Any non-2xx response triggers retry (10s, then 30s). After three total failures the event is dropped (logged on the control plane).
### Other providers
Discord, Slack, Teams, Google Chat, Telegram, and Matrix receive a formatted text message — the same fields, rendered as human-readable text — not the JSON payload. Use webhook if you need the structured event.
## Extending the control plane
The OSS control plane is designed to be embedded by a private cloud distribution without forking. Import this module, implement the `Extension` interface from `pkg/cpextension`, and pass it to `cpserver.Run`:
```go
import (
"git.omukk.dev/wrenn/wrenn/pkg/cpextension"
"git.omukk.dev/wrenn/wrenn/pkg/cpserver"
)
func main() {
cpserver.Run(
cpserver.WithVersion("cloud-1.0.0"),
cpserver.WithExtensions(&myExtension{}),
)
}
```
Every extension implements two methods:
```go
RegisterRoutes(r chi.Router, sctx cpextension.ServerContext)
BackgroundWorkers(sctx cpextension.ServerContext) []func(context.Context)
```
`ServerContext` exposes the initialized OSS services so extensions never re-implement them: `Queries`, `PgPool`, `Redis`, `HostPool`, `Scheduler`, `CA`, `Audit`, `Mailer`, `OAuthRegistry`, `Channels`, `ChannelPub`, `JWTSecret`, `Sessions`, `Config`.

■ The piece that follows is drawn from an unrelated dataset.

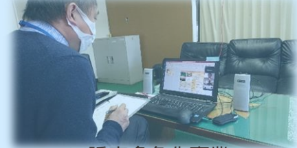
※誘客多角化事業 オンライン商談会への参加

### Optional hook interfaces
An extension can also implement any subset of these — the OSS server type-asserts at startup:
| Interface | When it fires | Failure semantics |
|---|---|---|
| `MiddlewareProvider` | Wraps every OSS route before registration | n/a |
| `AuthHook.OnSignup(ctx, userID, teamID, email)` | After team provisioning on email-activate or OAuth-new-signup | Error aborts signup with 500 `signup_hook_failed` (billing customer creation must succeed) |
| `AuthHook.OnLogin(ctx, userID)` | After a successful login or OAuth callback | Error logged, login still succeeds |
| `AuthHook.OnAccountSoftDelete(ctx, userID)` | After `DELETE /v1/me` commits | Error logged, request still succeeds |
| `AuthHook.OnAccountHardDelete(ctx, userID)` | After the 15-day cleanup goroutine purges a soft-deleted account | Error logged, cleanup continues |
| `SandboxEventHook.OnSandboxEvent(ctx, ev)` | Capsule create/pause/resume/destroy success, from the Redis stream consumer | Error leaves the message un-acked — hooks **must** be idempotent |
| `LimitsProvider.EffectiveLimits(ctx, teamID)` | `POST /v1/capsules` consults before scheduling | Returns 402 (`concurrent_sandbox_limit` / `vcpu_limit` / `memory_limit`) when over |
| `UsageProvider.CurrentUsage(ctx, teamID)` | Feeds `LimitsProvider` checks; falls back to OSS DB-backed default | Error → 402 `usage_unavailable` |
### Auth middleware helpers
For extensions that gate their own routes:
```go
r.With(cpextension.RequireSession(sctx)).Get("/billing", handler)
r.With(cpextension.RequireSessionOrAPIKey(sctx)).Get("/usage", handler)
r.With(cpextension.RequireSession(sctx), cpextension.RequireAdmin(sctx)).Get("/admin/exports", handler)
// Issue a session from a custom flow (e.g. invite-accept):
sess, err := cpextension.IssueSession(w, r, sctx, userID, teamID)
```
Cookie/header names are exported as `cpextension.SessionCookieName`, `CSRFCookieName`, `CSRFHeaderName`.
See `CLAUDE.md` for full architecture documentation.